MarshEpps did not give an ultimatum to their party’s leadership that they would let the public know if the secret meetings and secret texts continued. They did not file for an injunction in court (Bob knows how to do this) to immediately stop the illegal conduct and call out those who violate the laws designed solely for our protection from secret government. In a one-party consent state, like Colorado, they could have lawfully recorded the secret meetings and made them available to the public – in the spirit of the open meetings law they have invoked in their lawsuit. They could have screen-shotted the otherwise disappearing Signal messages which belong to the public and made them available to us.

They did none of it. Here, inaction is consent. If COML were a criminal law, MarshEpps arguably would have been accessories to those crimes. As a result of failure to act, they were recipients of – and witnesses to – numerous conversations that should have been available to you and me.

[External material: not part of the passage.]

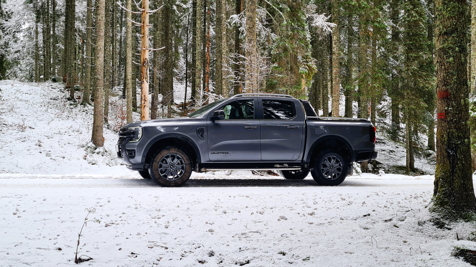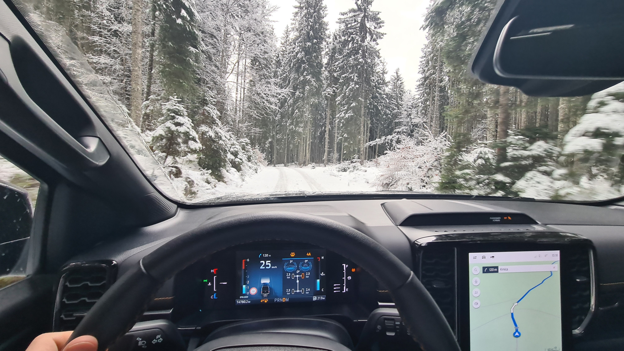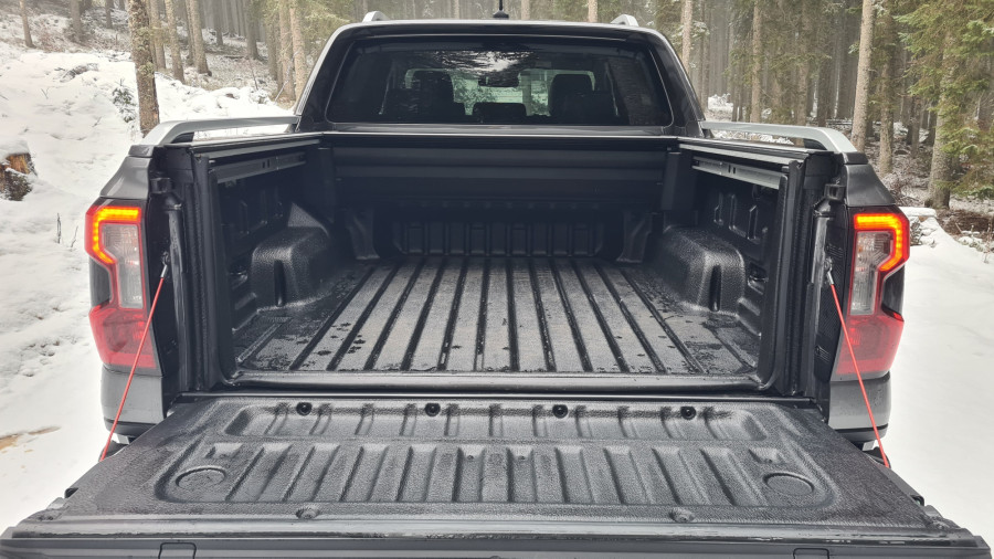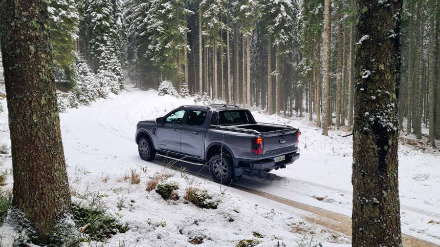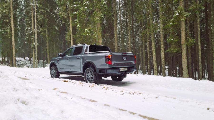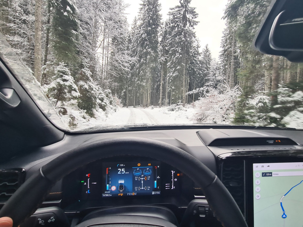 Различната графика на закривеноста на каросеријата, блокадата на диференцијалот и аголот на предните тркала, како и камерата од 360 степени, помагаат при искачувањето. „Ренџер“ е вистински каубој, што, за жал, не би можел да го кажам за себе. Пред да го предизвикам посериозно, се откажав. Стрмниот пат, калта и наклонот беа премногу за мене. Не го провоцирав навистина, можеби само малку го „исчешлав“. Патот покриен со снег беше вистинска шега за „ренџерот“. Дури и само со заден погон може да танцува во кривини.

Because no member of the press seems to have asked them, Epps and Marshall likely participated in those electronic conversations and even benefited from them.

Those questions have yet to be asked of Epps and Marshall.

This General Assembly can prove its commitment to accountability, accessibility and transparency by putting some teeth into our laws. Make the violation of COML a crime. No Coloradan expects this legislature to jail criminal offenders, so make the law a misdemeanor whose maximum sentence is a $10,000 fine and a prohibition from holding any government office for 10 years. Also, create a whistleblower reward for those who immediately (not six months later) dime out those participating in secret meetings and communications. That would get their attention. The change in legislator behavior would be instant and widespread.

There is already one provision of the COML that provides the only available sanction for violating the law, but it is a doozie. COML, C.R.S. 24-6-402(8), makes clear that “no formal action of…[the general assembly]…shall be valid unless…made a meeting” that complies with COML. That suggests that every vote taken by the members participating in this illegal scheme may not be valid. We cannot know unless and until Epps and Marshall come forward with every detail of what they know. Presumably, they kept detailed notes of the lawless behavior of the House leadership for future use to expose them and for the betterment of Coloradans. Turn over those notes and any other evidence to the public now (if they exist). That would be “the right thing to do.”

Was this delayed lawsuit courage? No. This was a profile in political opportunism.